All stone tools are spearpoints: actually most of those are probably knives and a simple glance under the scanning electron microscope would settle the question. What is the "use wear" evidence on many Clovis points? Were they part of a thrown projectile, a stabbing weapong, or a cutting tool? I wonder why this is not common knowledge? Could it be that the information does not fit the simple picture? I do not trust the experts.


So why would "experts" believe such nonsense? Why do they routinely and systematically (a) over-simplify; (b) deny early dates in favor or more recent ones for the peopling of the Americas; (c) invariably assume the contact came from Asia (and only rarely and recently from Europe); (d) that Native Americans are one single group of people?

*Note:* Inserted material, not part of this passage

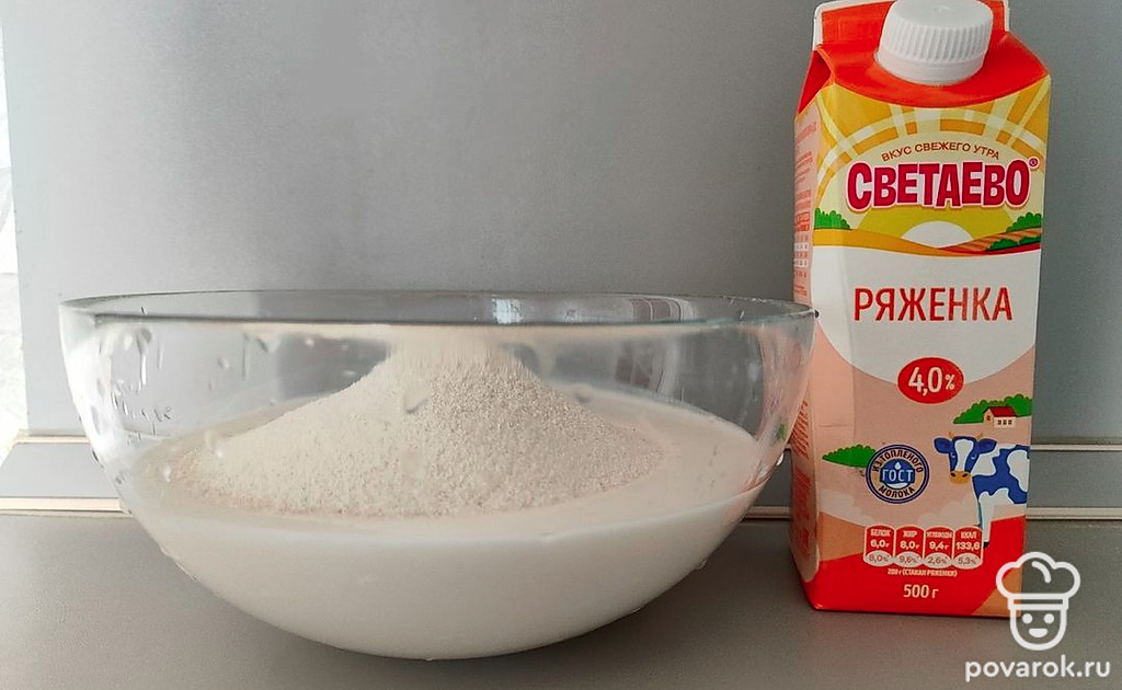 Ряженку комнатной температуры влейте в миску. Манную крупу всыпьте в ряженку и перемешайте. Оставьте смесь на 30 минут на столе.

I think the answers is somewhat sad and certainly angering: it is Euro-centrism and a deep-seated and basically negative assumptions (i.e. prejudice) about American Indians.
Why "One wave of migration populating the new world"? Because the Indians are only one people (they all look alike right?)
Why "All walking across the Bering Land Bridge"? Because they are not smart enough to use boats. Why "West to east"? Because the idea Native Americans cannot be related to the Europeans (they look Chinese right?) is abhorrent to the archeologists, and possibly to the Indians as well.
Why "Killer hunters eliminating all the big game animals"? Because it is a compelling and simple-minded story, even if it is fictional. Maybe it is pride at being human or maybe it is another subtle insult to the Native Americans - too stupid to control their urge to kill, devastating the environment.
Why "All genetically identical, speaking the same language" - more minimizing of the capabilities and variety of American Indians.
Recommended Reading: Vine Deloria's "Red Earth, White Lies".

1 comment :

Highland Boy said...

I read a couple of Deloria's books over the winter and also can highly recommend them. I didn't find "Red Earth, White Lies," nearly as incendiary as the title might imply, perhaps because his thinking falls in line with my own to a large degree: skeptical of the Bering Strait theory in explaining all the civilizations of North and South America, dismissive of New Age fantasies that try to hijack Indian spirituality or cosmogony and some archaeologist's blind infatuation with science and technology.

I think Deloria's hypothesis that there were four original 'tribes' if you will, who were truly indigenous to pre-historic North America and that one of them was 'white' is the 800 pound gorilla of anthropology, if you pardon the pun.